Подобная тактика была характерна для дружин князя Святослава и Владимира, содержавших огромные лагеря дружинников и живших за счет военной добычи. Это были профессиональные воины-дружинники, умевшие под обстрелом, без лестниц, взбираться на стены осажденной крепости, способные вести конный и пеший бой двумя руками! Обученные бою в строю, и одиночной резне в полевой свалке иль тесных переходах крепости, когда вражеская оборона сокрушена и каждый спасается как может, это были могучие и универсальные воины! Былинные витязи – Илья Муромец, Алеша Попович, Добрыня Никитич и многие другие – звонкие отголоски тех славных времен дошедшие до нас в виде сказок. Можно сказать наверняка, что отточенное боевое совершенство всегда творило чудеса. Один такой боец в схватке стоил десятка, а десяток – сотни! Но с военным разгромом хазар, печенегов, торков, надобность в постоянных профессионалах отпала и с пришедшими из степей половцами, билось уже ополчение. А ядро русского войска составляла конная княжеская дружина. Основа же старого войска, копьеносные пешцы из крестьян и городского ополчения, уже не обладали той подвижностью и универсальностью, выдержкой и дисциплиной старых дружинников. Основным видом войска стала конница, ранее просто охранявшая фланги, не позволяя обходить дружину с тыла. Она же довершала разгром увязнувшего и вымотанного в «стене» врага.
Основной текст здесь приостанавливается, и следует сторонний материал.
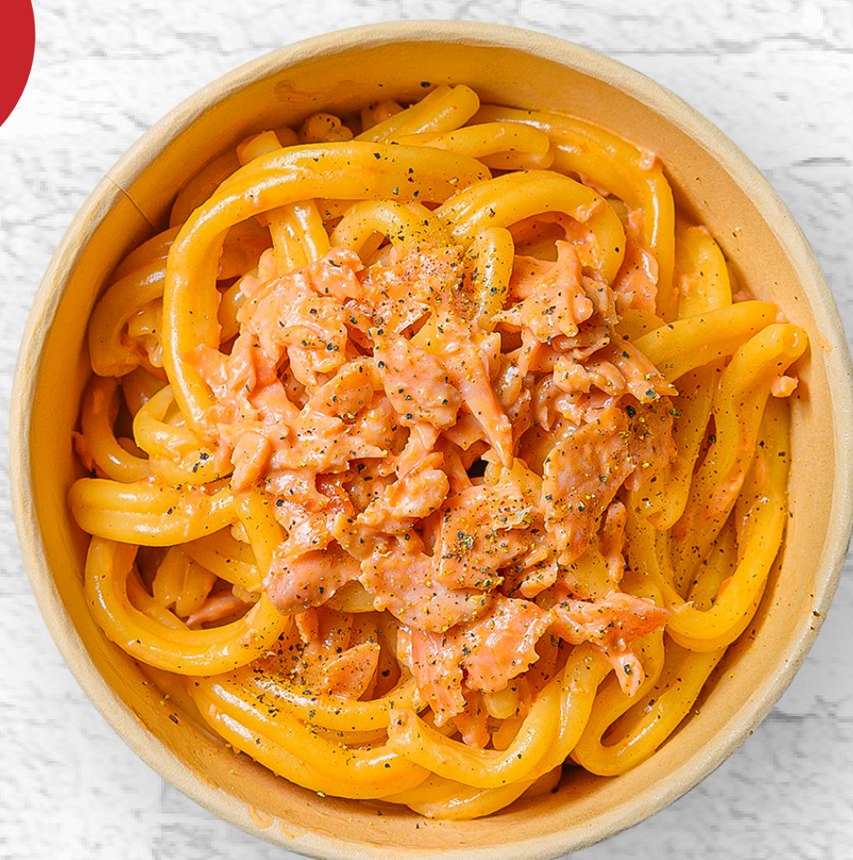
CASARECCE CON SALMONE AFFUMICATO WATER & FLOUR PASTA WITH SMOKED SALMON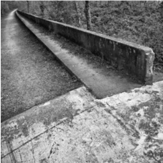
TERMINUS DU RAIL TERRESTRE GOMETZ-LIMOURS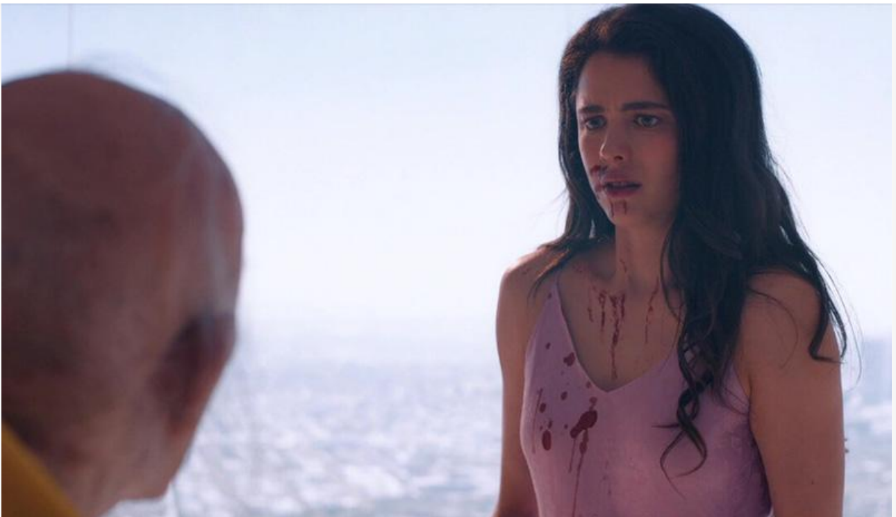
Кадр из фильма «Субстанция»

«Граф Монте-Кристо» , к слову, тоже уверенно держится в прокате. Свой восьмой уикенд в России экранизация романа Дюма отметила 33 миллионами на 297 экранах с потерей в сборах 11 %.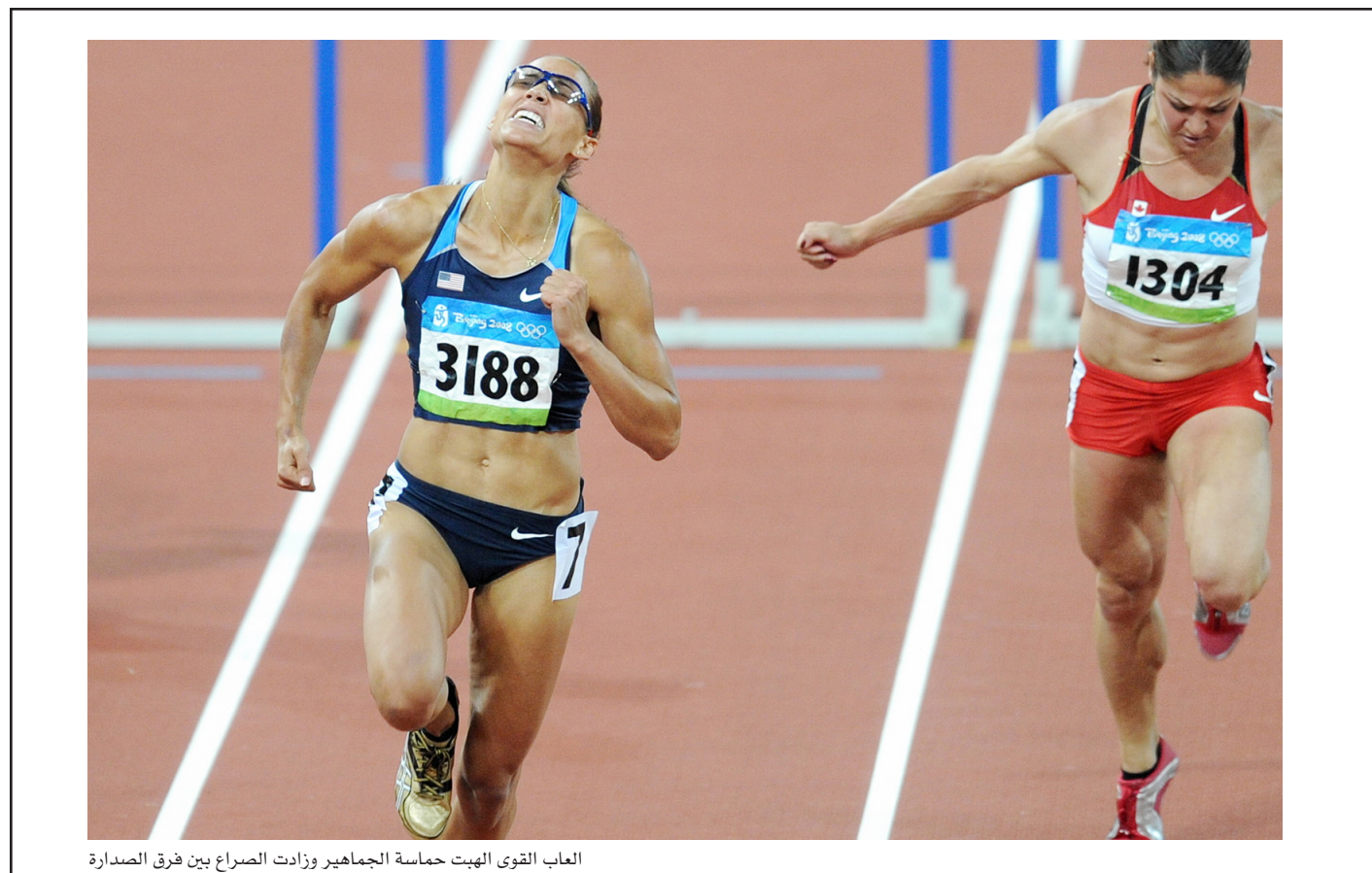
العاب القوى الهبت حماسة الجماهير وزادت الصراع بين فرق الصدارة

كيلومترا مشي للسيدات وذلك وسط ظروف طقس سيئة. وسجلت كانيشكينا بطلة العالم ساعة واحدة و٢٦ دقيقة و٣١ ثانية في السباق الذي انتهى عند ملعب (عش الطائر) والذي أقيم تحت أمطار غزيرة. وأحرزت النرويجية كيرستي بلاترز الميدالية الفضية لتكرر الإنجاز الذي حققته في أولمبياد سيدني عام ٢٠٠٠ وذلك بعدما احتلت المركز الثاني بزمن ساعة و٢٧ دقيقة و١٧ ثانية. وجاءت الإيطالية إليسا رجاودو في المركز الثالث بزمن ساعة و٢٧ دقيقة و١٢ ثانية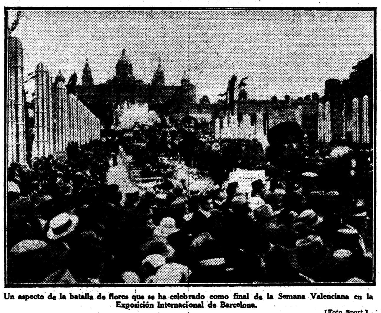
Un aspecto de la batalla de flores que se ha celebrado como final de la Semana Valenciana en la Exposición Internacional de Barcelona.

CHINITAS Académico de la R. de S. Fernando... "Vendian un producto a menos precio que su fabricante..."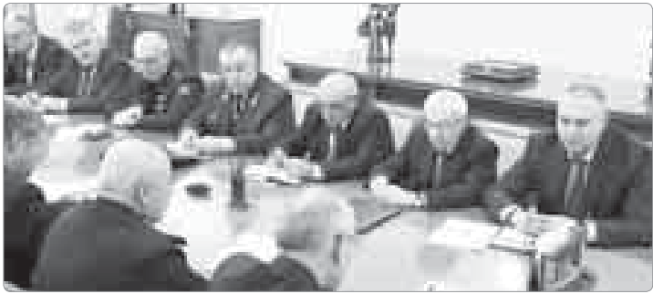
Дыгуасэ Клуэкуэ Ю. А. КЪБР-и и Правительствэм и Унэм иригъэклуэклащ хабзэхъумэ, суд органхэм я унафэщхэм я зэлүщлэ.

КЪБР-и и Игъашхэм къы- зэкусасар шыгуауэ ищлэ Террорим пощтэнымкк лъэлкъ комитетым и унафэщ, Урсыем Шынагуэи- шыгъэмкк и Федеральнэ къулыкъуащлэпэм и унафэщ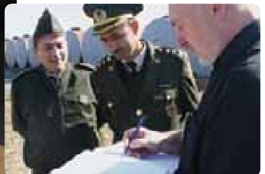
Сверху: эксперты министерства обороны дают подобную информацию объединенной команде ОБСЕ и НАМСА/НАТО в хранилище „меланжа“ в Мингечевире.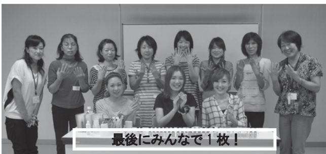
最後にみんなで1枚!

交流会に参加すると、どのような人が預かってくれるのか、どのような子を預かるのかなどが良く分かり、サポートのイメージが湧きやすくなります。今後も交流会を通して、会員同士の信頼関係を築き、預ける側・預かる側、双方の不安を少しでも解消し、安心・安全なサポートにつなげていきたいと思えます。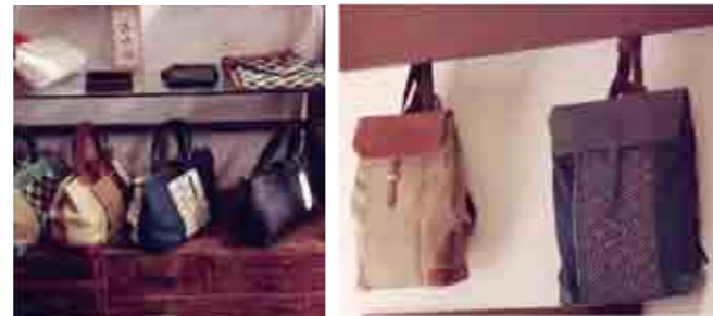
東京都足立区千住四丁目4-12-3 web http://watanabebags.jp

「形見の着物を鞆として生まれ変わらせたい」「百年以上も前の帯だけど、鞆として使いたい」「鹿害で駆除された野生のシカを商品化したい」といったお客様のさまざまなご要望を受けながら、世界に一つだけの鞆を作り続けています。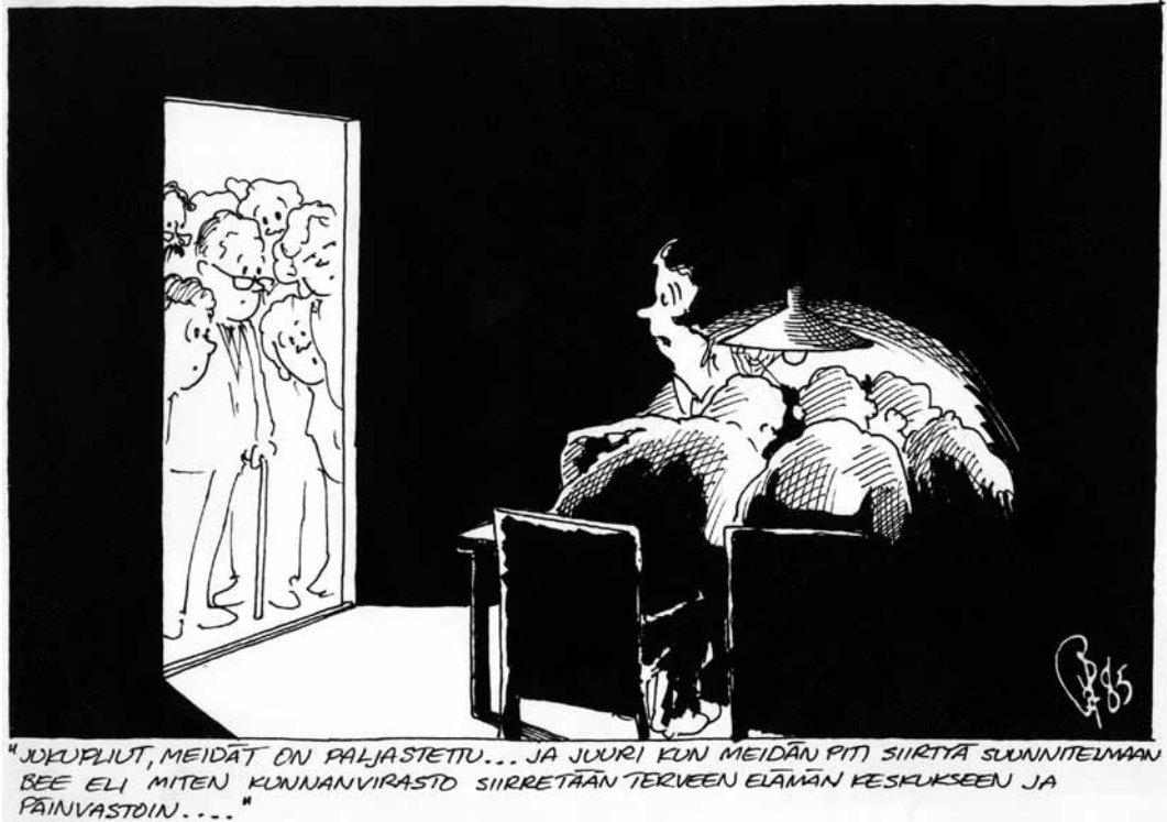
Julkaistu Rantasalmen Lehdessä 23.10. 1985.

rakennuksineen olisi ollut kalliimpi kuin sittemmin toteutettu ala- ja yläasteiden saneeraus ja lisärakennus. Lukion 30-vuotisjuhlat voitiin pitää syksyllä 1992 tilojen suhteen rauhallisin mielin.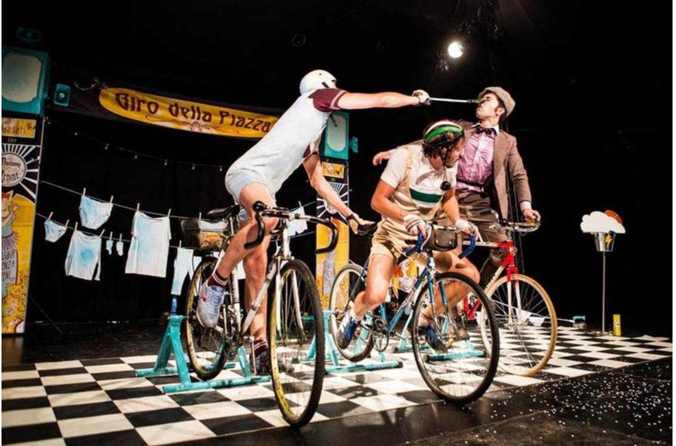
Uno spettacolo della Compagnia Madame Rebinè

Sempre per i più piccolo l'8 dicembre alle 16 in Piazzetta Pallata lo spettacolo « Munuscolo » di Reverie Teatro; stessa ora ma al Quadriportico di Piazza Vittoria « Burattini in carne ed ossa » del Circolino Teatro. L'11 dicembre alle 16 in Piazzetta Michelangeli « Gran Ventriloquini » della Compagnia Madame Rebinè; stessa ora ma al Quadriportico di Piazza Vittoria « Biancaneve » di Reverie Teatro. Infine, il 18 dicembre, sempre al Quadriportico, « La piccola odissea » di Reverie Teatro.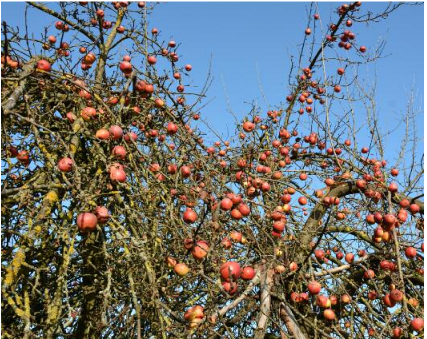
Sogar im Winter trägt dieser Apfelbaum noch Früchte aus dem vergangenen Jahr.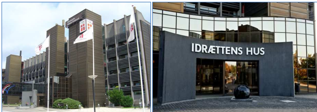
Dánsky dom športu v Brøndby, zhruba 10 km západne od centra Kodane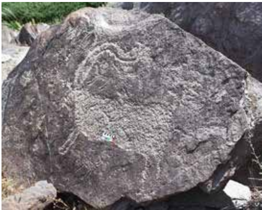
تصویر ۲- نقش بز کوهی با شاخ‌های موج‌دار بر سنگ‌نگاره بازمانده از ۷۰۰۰ سال پیش از میلاد (نوسنگی)، یافت شده در تیمره خمین (۱۳۳×۱۱۴ سانتی‌متر)، موج‌دار بودن شاخ بیان‌کننده نماد آب و جریان است.

– Дуболомы.. – произведенный в десятники Фрол горестно кряхтел когда строй вразнобой поднимал копья и смешивался в толпу при перестроении. – Это на чистом месте, где снег утоптан и стрелы не свищут! Куда, куда прете как бараны? На соседа гляди, локтем чувствуй, успевает он или нет! – сорванным голосом орал Фрол и время от времени давал затрещину самому неуклюжему. – Подь сюды.. – десятник вцепился в увальня сбивавшего весь десяток – Как звать, сыть волчья?
– Ярема.. – виноватый смерд, здоровенный детина в кожухе, с мотавшимся нагрудником из воловьих кож виновато шмыгал соплями. – Ярема, манда солена! Ты чего опаздываешь, всех сбиваешь!? Где у тя правая рука? – Смерд задумался наморщив лоб, неуверенно поднял правую, взглянул в глаза десятника и дернул левой. Фрол тяжело вздохнул – Дать бы тебе разок для памяти, да жаль не достану.. – Десяток мужиков закис смехом. Низенький десятник едва доставал по плече. – Ты какой рукой щи хлебаешь, лапоть? – Ерема радостно показал правую. – Вот! – обрадовался Фрол – А крестишься, какой?
– Тоже этой.
– Ну-ка нагнись.. – приказал Фрол и когда Ерема недоуменно согнулся, размахнулся. Кулак со свистом пролетел мимо, неуклюжий и медлительный с виду парень отклонился в сторону и десятника развернуло, небольшой толчок, и Фрол упал. – Зря ты эдак-то, господин десятник.. – недобро прищурившись Ерема учтиво поднял за воротник начальство – Я медведя от подмышки до яиц вспарываю, не одного хозяина завалил, а ты меня в ухо.. за что?
– Для памяти! – сердито вырвавшись Фрол поднял овчинный колпак стражника. – Ну так учи, коль дадено. А рук не распускай, меня только тятенька тронуть может.
– Ух ты.. недотрога! – ощерился Фрол. – А ну, два ряда строй!..
       
2

В горнице стояла недобрая тишина. – Так и сказал? – стоявший перед князьями гонец истово перекрестился – Так и сказал, господин, что б мне с места не сойти! – Князь угрюмо насупился. – Ступай в молодечную, отдохни с пути. Как понадобишься, кликнут. Ну, что делать будем, братове? – Юрий Ингваревич постукивал по ладони свитком нераспечатанной грамоты. – Здесь подробности, а главное мы только что слышали. – В малой горенке находились родовая головка княжества, все на ком держалась власть Юрия Ингваревича. Брат Давид, княжил в старинном Муроме. Племянники Юрия, Всеволод Михайлович правил в Пронске, вторым по значению городом в княжестве, Олег по прозвищу Красный, княжил в Белгороде, Роман Ингваревич командовал конной княжеской дружиной. В Ижеславске правил власть посадник Лепила, из милостников.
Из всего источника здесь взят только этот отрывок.